Tim the Girl About Town

It’s an unusually crisp Saturday morning, where beneath the backdrop of a picture perfect blue sky Tim McDiarmid is in the midst of her weekend routine, navigating through the crowd and picking out local fare from the farmer’s market. It’s just a few minutes after nine, but she’s already cleared out one merchant’s entire table of dark green kale, picked up some beautiful purple beets from another, and has an armful of leafy kohlrabi, all of which she’ll deftly stack in a large utilitarian crate to haul home.

It’s a scene that perfectly mirrors who she is and what she does. What Tim the Girl does is impact the community with her unique combination of talents which include special events, design and – most notably – food. An element, that perhaps more than any other, defines her, and has the power to transform and redefine our city.

In a place known for breakfast tacos and Frito Pie, she is one of the people helping push the needle quite literally toward greener pastures, with a heavy reliance on local, organic, plant based foods. Whether it’s a salad of charred shisito peppers and chinese greens, curried lentil soup, or even firecracker shrimp with sweet and sour squash, what you’ll find in her cooking is flavor, color, and attention to detail.

In her role as a food medium she has truly flourished. She’s credited with bringing the pop-up to San Antonio, helped launch the first modern, urban grocery store in Uncommon Fare at Cevallos Lofts, puts together culinary getaways, offers private classes and a meal delivery service – all with a penchant for fresh, healthy, seasonal ingredients.

With all of those credits under her hat, it’s hard to imagine anything she doesn’t want to do. But there is one.

“Don’t look for a restaurant any time soon – it’s not even in my mind,” she says, over a warm cup of tea. “I really love my job and everything I do, but it’s different than having a restaurant. And even without one, I’m always working.”

Case and point: twelve hours ago she had just finished a private event for 60 guests. And this afternoon she was putting the finishing touches on her weekly menu before hosting and catering a special event for 150 people at Temple Beth-El later that night.

While there may be plenty of busy folks in our burgeoning food scene, it’s McDiarmid’s unique background and her fresh, earthy creations that have become her trademark.

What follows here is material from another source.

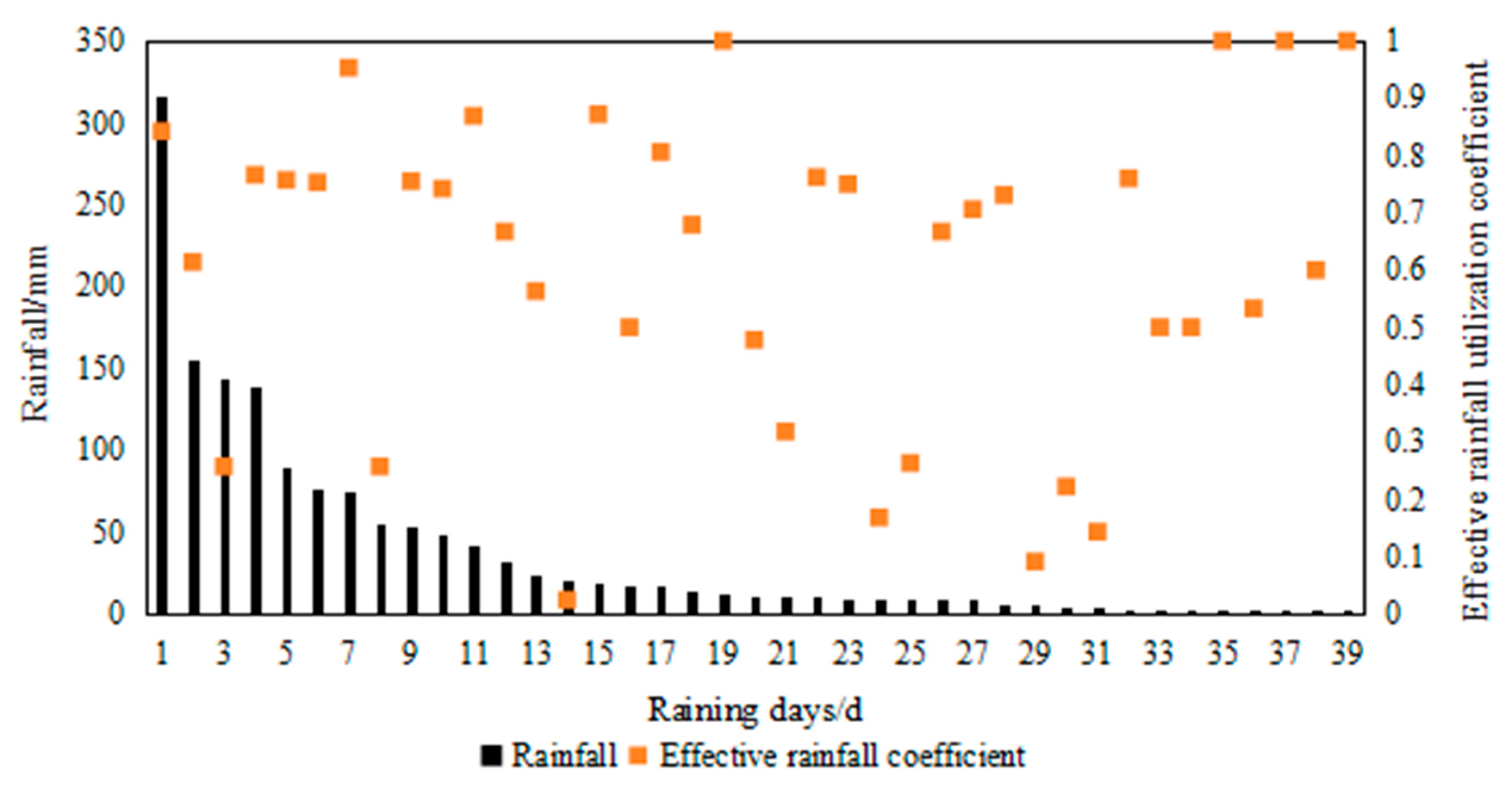 - The effective precipitation utilization coefficient showed non-linear responses to rainfall magnitude. High coefficients were observed for both heavy rainfall events and small showers, suggesting efficient water use, whereas moderate rainfall showed more variability, influenced by soil moisture and field management practices.

She grew up in the Canadian countryside, where her mom maintained an extensive organic garden. “Everyone cooked and everyone had their own garden,” she says. “We were far enough away from the city that there really wasn’t any take-out or going out to dinner … It was kind of a hippie version of ‘Little House on the Prairie, and it’s where I developed my love and appreciation of vegetables. They’re the main part of my diet, and fresh, unadulterated dishes are my version of comfort food.”

From Canada, she moved on to New York where she worked in and around the culinary field, before making here way to San Antonio in 2009, where she quickly recognized the void in the niche market for her brand of sustenance. “It’s something I’m constantly trying to help people with now – to develop an understanding of healthy food made well and with integrity.”

Even today, she says, there are still limits to finding delicious, healthy food in our city. “The east coast and west coast kind of get it, it’s ingrained in the food scene there. And while there are a few more options now in San Antonio, its still hard to find a basic, awesome, healthy salad.”

There’s also the stigma of healthy food being bland and boring and perhaps not as visually appealing as its less healthy counterparts. To overcome those barriers, McDiarmid looks at the dish as a whole and adds her own flair and critical eye to the process so that nothing is lost in the end.

“It all matters to me, and so I try to marry the aesthetics with the flavors and the quality of the food. But it has to make sense,” she says. “It was a concept people didn’t quite get in the beginning, so it was a bit of a hard sell then. But now, in my third year, things are coming along.”

With fall in full swing and the holidays approaching, she expects to be as busy as ever, creating new seasonal dishes.

“Right now, root vegetables are getting bountiful, along with hearty winter greens, and I love those things, and love making those wintery kind of foods, “ she says. “I enjoy working the holidays and making amazing meals for people, because I know I’ll bring them great things they’ve never had before.”

As for the future, she’s moving toward doing more conceptual design work, and helping others realize their own vision with food-related businesses.

“There are lots of people with great ideas who have trouble seeing the whole picture,” she said. “And I really love helping them through that process.”

Aside from helping shift our local food scene, you can bet that whatever project she tackles next will benefit from her vision and unique brand of doing things.

“I’m very picky about every aspect of everything I do,” says McDiarmid. “And in the end, what I create is not typical, it’s mine.”